Crown Resorts Sells $1.2 Billion Stake in Macau, Pulls Out of Alon Vegas Project

Posted on: December 15, 2016, 02:00h. 

Last updated on: December 15, 2016, 02:18h.

Crown Sells Macau shares, pulls out of Vegas
James Packer rethinks his foreign policy. Crown Resorts announced it would pull out of the two biggest gambling hubs in world, Vegas and Macau, in order to concentrate on domestic projects and maximize value for its shareholders. (Image: Reuters/Dinuka Liyanawatte)

James Packer’s Crown Resorts has made a dramatic U-turn on its global expansion strategy, suddenly and unexpectedly retreating from both Las Vegas and Macau, the two biggest gambling hubs in the world.

Crown dropped the bombshell during an earnings call on Thursday. The company announced that not only will it sell $1.2 billion worth of shares in its Macau casino business to its joint venture partner, Melco International, but it will also cut ties with the $1.9 billion Alon development, currently being built in Las Vegas on the site of the old Frontier Hotel and Casino.

The sale of Melco-Crown shares represents over half of Crown’s equity in the joint-venture and cedes control of the company to Melco boss Lawrence Ho.

Crown will now own just 13.4 percent of the venture, with Packer removing himself from the board.

China Arrests “Changed Outlook”

The move emphasizes just how much Beijing’s anti-corruption squeeze, and the resulting decline in VIP gaming revenue in Macau, has laid waste to Crown Resorts’ ambitions.

And the arrest, in October, of 18 Crown employees on the Chinese mainland for “gambling crimes” may have been the straw that broke the camel’s back.

The employees were detained by Chinese authorities on suspicion of illegally marketing gambling to high rollers on the mainland for its properties in Macau. Among them were four Australians, including vice president of Crown VIP division Jason O’Connor.

“There’s no doubt that those arrests changed everyone’s outlook for the sector,” Angus Gluskie, a portfolio manager at White Funds Management, which holds Crown shares, told Reuters. “It’s not as easy as it previously looked.”

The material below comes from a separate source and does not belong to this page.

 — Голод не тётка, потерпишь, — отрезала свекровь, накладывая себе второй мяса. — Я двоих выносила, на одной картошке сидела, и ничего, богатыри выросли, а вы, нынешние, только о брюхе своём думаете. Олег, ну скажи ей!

Crown said it would use its $1.2 billion windfall to cut debt and pay a special dividend of $368 million, over half of which will go to Packer.

Packer Packs his Bags

Meanwhile, the company declined to go into detail about why it was pulling out of the Vegas project, other than that it followed “an extensive review of funding alternatives… over the last two years.”

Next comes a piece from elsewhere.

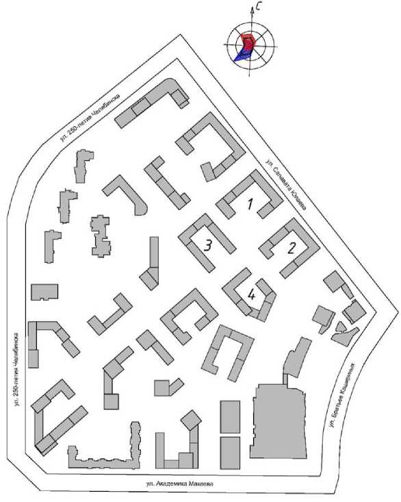 2) дворовые территории хорошо защищены от ветра, что обеспечивает комфорт жителям в зимний период года, когда повышенные скорости ветра оказывают наиболее негативное влияние на качество жизни;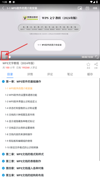 4、在课程播放页面,点击播放按钮,开始学习WPS文字教程内容。

Alon was to be Packer’s second foray into Las Vegas following an ill-fated dalliance with Cannery Casino Resorts back in 2009. The company was poised to buy Cannery for $1.8 billion, only to back out of the deal due to the economic downturn and was forced to pay a breakup fee of $320 million.

Crown said would seek to gain value on its investment in Alon and would consider selling its entire stake in the offing. It bought the vacant Frontier plot in in 2014 for a reported price of $260 million, in partnership with Los Angeles-based asset firm Oaktree Capital Management.

Crown chairman Robert Rankin said its international retreat would maximize value for shareholders and “underpin the company’s future of the next decade,” as it continues to focus on domestic projects.